Damit hat sich die CDU beim Thema gegenüber der SPD durchgesetzt. „Wir haben uns in der Koalition heute darauf geeinigt, die Straßenausbaubeiträge schnellstmöglich abzuschaffen. Meine Fraktion hat an ihrer Linie festgehalten, die Diskussion um die Straßenausbaubeiträge ehrlich und ergebnisoffen zu führen“, erklärt Fraktionschef Vincent Kokert. „Am Ende überwogen gute Argumente, die Beiträge abzuschaffen, statt mit willkürlichen Härtefallklauseln am Kommunalabgabengesetz herumzubasteln.“ Kokert stellte aber klar: „Gratis gibt es Straßen nicht. Deswegen werden wir die Grunderwerbssteuer moderat erhöhen, um die Kosten für den Straßenausbau aufzufangen.“

Thomas Krüger (SPD) erklärt: „Der SPD-Fraktion war seit Beginn der Diskussion wichtig, dass keine Mieter und keine Mieterinnen mit ihren Steuern die Straßensanierung für Immobilienbesitzer bezahlen müssen. Die Allgemeinheit darf nicht zur Kasse gebeten werden, wenn nur Einzelne profitieren.“ Daher sei der gefundene Kompromiss „eine gute Lösung“. Spätestens ab dem 1. Januar 2020 werde die Grunderwerbssteuer um einen Prozentpunkt auf dann 6 Prozent angehoben.

Landesweit sorgen die Anwohnerbeiträge sei langem für Unmut. Immer wieder beklagten Betroffene, dass Kommunen hohe Rechnungen für Straßenbau vorlegten, weil sie es per Gesetz müssen. Bis zu sechsstellige Beträge mussten oder sollen Anwohner bezahlen. Massiver Protest regte sich in diesem Jahr in Schwerin, Rostock, Bad Doberan oder auf der Insel Rügen. Die Volksinitiative „Faire Straße“ sammelte 44000 Unterschriften gegen die Straßenausbaubeiträge, initiiert von den Freien Wählern in MV. Der Landtag wird sich am Donnerstag damit befassen.

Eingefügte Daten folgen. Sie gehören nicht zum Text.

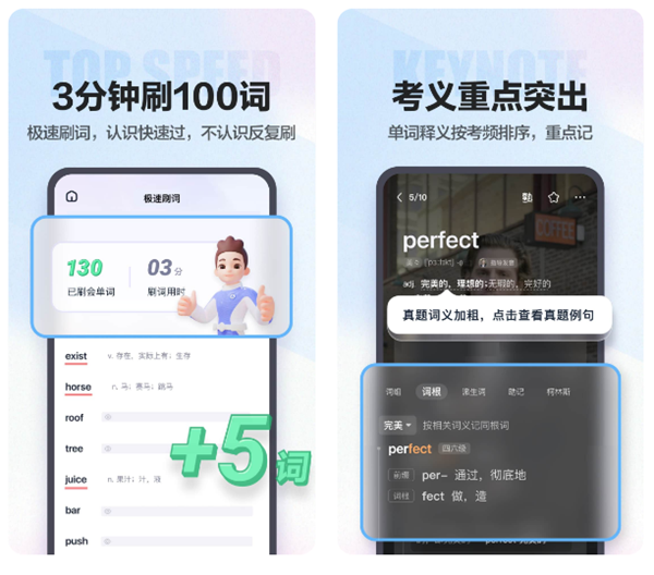 涵盖各个学习阶段的词库,集合了教材、音频、释义等多种模块。通过科学的记忆方法和合理的学习任务规划,让我们能够更加轻松的完成学习目标,对单词进行巩固记忆,更是带有跟读模式,在学习背诵的同时提高口语水平,反哺到语法的学习之中。

Eine höhere Grunderwerbssteuer soll es nun richten. Diese Steuer zahlen alle, die Grundstücke kaufen – das Land kassiert. Ein Prozentpunkt mehr bringe die erforderlichen rund 30 Millionen Euro Einnahmen jährlich. Das Geld solle an die Städte und Gemeinden fließen, denn Straßenbau sei wichtig. Dazu müssten Finanzausgleichs- und Kommunalabgabengesetz geändert werden. Der genaue Zeitpunkt für die Neuregelung steht indes noch nicht fest. Im Gespräch ist 2020. Möglich sei aber auch, dass die Straßenausbaubeiträge rückwirkend schon 2019 entfallen, ist zu hören.

Nach Bekanntgabe der Entscheidung gab es positives Echo aus anderen Parteien. „Gewonnen!“, reagierte Gustav Graf von Westarp, Landeschef der Freien Wähler. Er fordert: Nun müsse auch Anwohnern, die in den vergangenen zehn Jahren Beiträge zahlten, geholfen werden.

Gegen die Abschaffung der Anwohnerbeiträge sprechen sich dagegen die kommunalpolitischen Vereinigungen von SPD und CDU in Mecklenburg-Vorpommern aus. Bürger, die vom Straßenbau besonders profitieren, sollten dafür auch Lasten tragen, argumentieren die beiden Vorsitzenden, Thomas Beyer, Bürgermeister von Wismar, und Dietger Wille, Finanzsenator in Vorpommern-Greifswald.